Não precisa ser médico, advogado, arquiteto, nem ganhar muito dinheiro. Artista independente, escritor ou produtor de cinema já seria lindo. Mas tem que ganhar bem para sustentar a prole, não esqueça disso. Não precisa ser nada, nem precisa ser tudo. Só precisa ser meu. E dessa parte eu faço questão. Única e exclusivamente. Meuzinho da Silva Xavier. Possessiva e ciumenta do jeito que sou, é a única exigência da lista. Sendo meu, eu tenho que ser sua. Só e simplesmente.

Eu não preciso de nada disso. Só preciso de você ao meu lado. Que me ligue nas madrugadas por motivo nenhum, ou só pela desculpa esfarrapada de estar com saudades - sendo que teríamos nos despedidos meia hora atrás. Que me traga flores em um dia especial, ou só me traga você. Isso basta.

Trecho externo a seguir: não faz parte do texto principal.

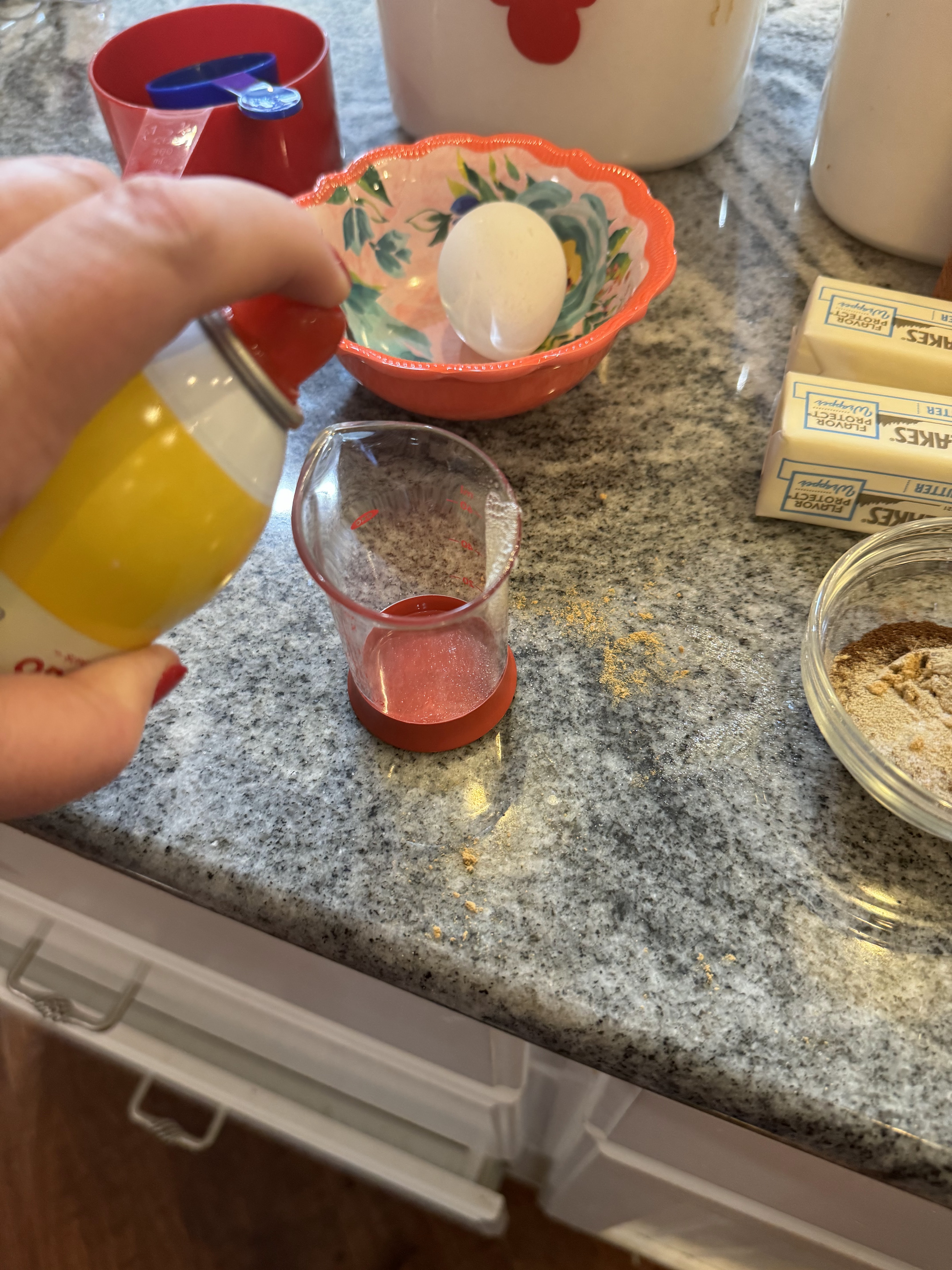 The first thing I do is mix up my spices in a little dish. I measure out all I need for ever how many recipes I am doing before I get started mixing. This is the spices for one recipe.
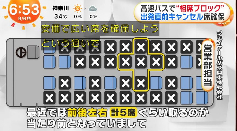 高速バスなどの隣の席も予約して直前でキャンセルする相席ブロック

Esse é o meu tipo de homem: Nenhum. Só o seu tipo.

Espera insuspeitada

O vestido branco de renda me cai perfeitamente no corpo, os cabelos estavam um pouco bagunçados, presos em um rabo de cavalo meio frouxo e a cara amassada denunciava que tinha acabado de acordar. Estou aqui, sentada no mesmo banco de sempre da praça, segurando as mesmas flores de nunca.

No horário de todos os dias você aparece; Bordado de um querer-ainda-insuspeitado, você se aproxima de mim - Bom diiia, olha as flores que eu trouxe pra você, amoooor - e passa - a música para - você não percebe, como também não havia notado a minha presença ali.

Veja: As minhas flores já estão quase murchas, coitadas. Você é tão desatento e anda sempre tão apressado, Moço. Eu te espero aqui. Aqui. Se você prestasse um pouco - só um tiquinho - mais de atenção... Se ao menos olhasse para o lado.

Vida cinematográfica

Não sei vocês, mas eu tenho achado a vida tragicamente engraçada, nesses últimos dias. Farei divagações sobre, mesmo sabendo que vocês não irão entender. Que se dane. Não é pra entender, nunca foi.

Sinto que vivo em um cinema, pulando de sessão em sessão. Ora comédia, ora tragédia, uma pequena pausa no romance, mas logo segue adiante, suspense, drama. Todos os gêneros imagináveis. É divertido, mas seria mais se eu tivesse o controle da situação - só que esse já fugiu das minhas mãos em um dos primeiros capítulos do filme.

É tão trágico que dá vontade de rir com tanta desgraça acontecendo. Tudo isso junto, ao mesmo tempo e sob uma mesma pessoa? Hilário. Sofredora mesmo é a protagonista que fica louca com a troca repentina de roteiros, tentando entender a trama, o que os outros personagens estão pensando e atuar como se soubesse o que está dizendo e fazendo. Uma farsa.

A bagunça está instalada no set de gravação. Ninguém mais sabe o que fazer, nem pra onde ir. Diretor fanfarrão! Se o meu papel fosse da Rainha de Copas, diria: "CORTEM-LHE A CABEÇA!". Mas nem para isso eu sirvo. Calo-me, pois. Não falo mais nada. Papel após papel, cenário após cenário, deixo passar. Espero o dia em que hei de recuperar a dignidade perdida e ser premiada com Oscar.